Stability of the regeneration of the boron–oxygen complex in silicon solar cells during module integration

Light-induced degradation (LID) in boron-doped p-type Czochralski (Cz) silicon is caused by a boron–oxygen (BO) complex, which may be permanently deactivated by simultaneous illumination and heating leading to a permanent regeneration of carrier lifetime and solar cell performance. Up to now, regeneration has only been investigated on wafer and solar cell level. In this work, we investigate whether the regeneration gain on solar cell level can be transferred to module level. For this purpose, we fabricated solar cells with passivated emitter and rear on boron-doped p-type Cz and float zone wafers.
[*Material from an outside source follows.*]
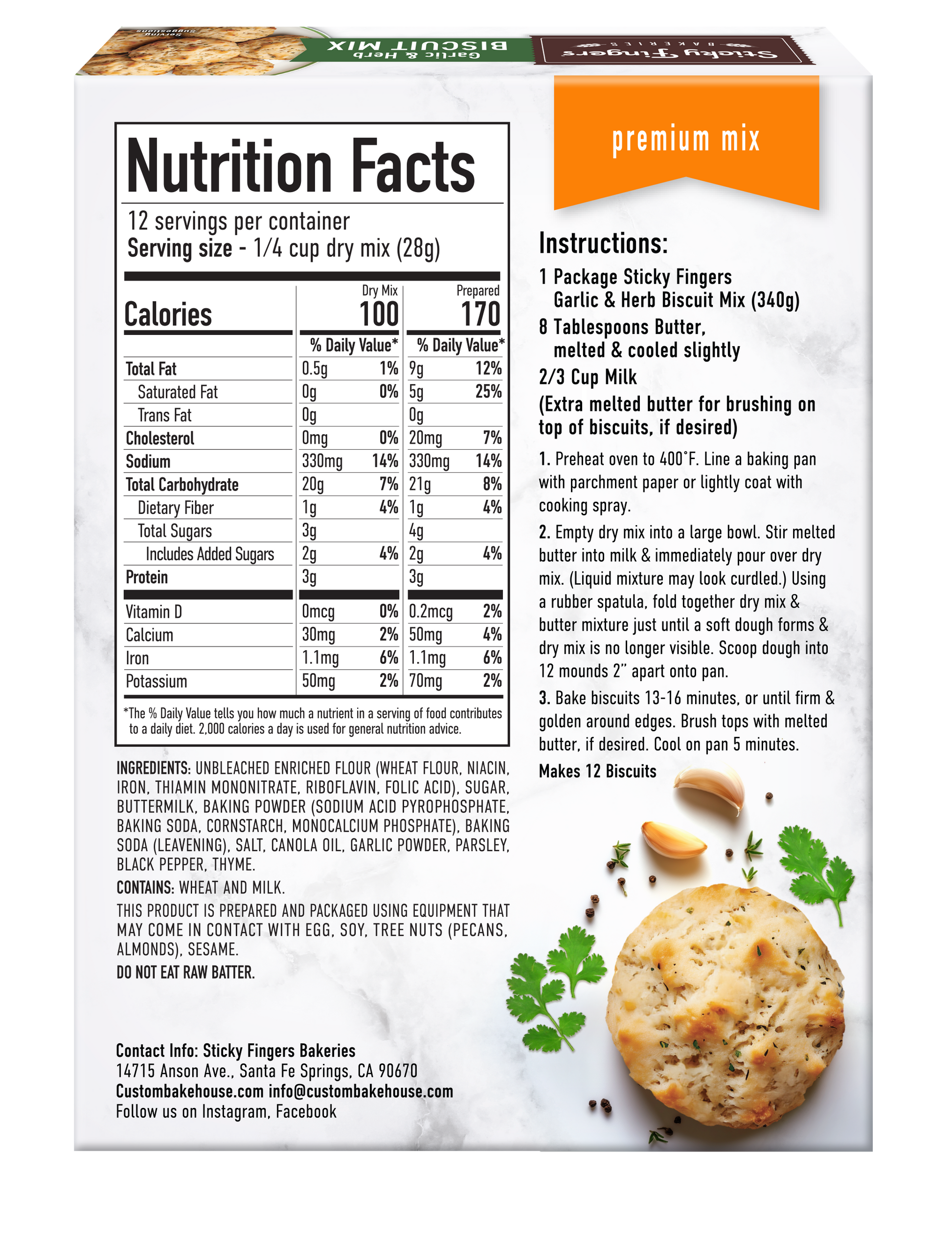 Freshly baked biscuits without the fuss? Yes, please! Sticky Fingers Bakeries Garlic & Herb Biscuit Mix makes it easy to enjoy the irresistible aroma and flavor of homemade biscuits, minus the artificial ingredients.

The cells are extensively characterised regarding losses in cell performance due to LID by preparing different defect states with certain temperature and illumination treatments. The effect of the injection-dependent carrier lifetime caused by the BO complex in its active state on fill factor is investigated in detail theoretically and experimentally, developing a descriptive explanation. Finally, it is shown by integrating solar cells in the degraded and regenerated state into solar modules, that the regeneration effect can be transferred to module level and is stable upon subsequent illumination of the module.

► We investigate light-induced degradation on p-type Cz silicon. ► Passivated emitter and rear solar cells are fabricated and characterised. ► A degradation in conversion efficiency of 0.9%abs by LID is recovered by regeneration. ► Regeneration on cell level is stable upon module integration and illumination.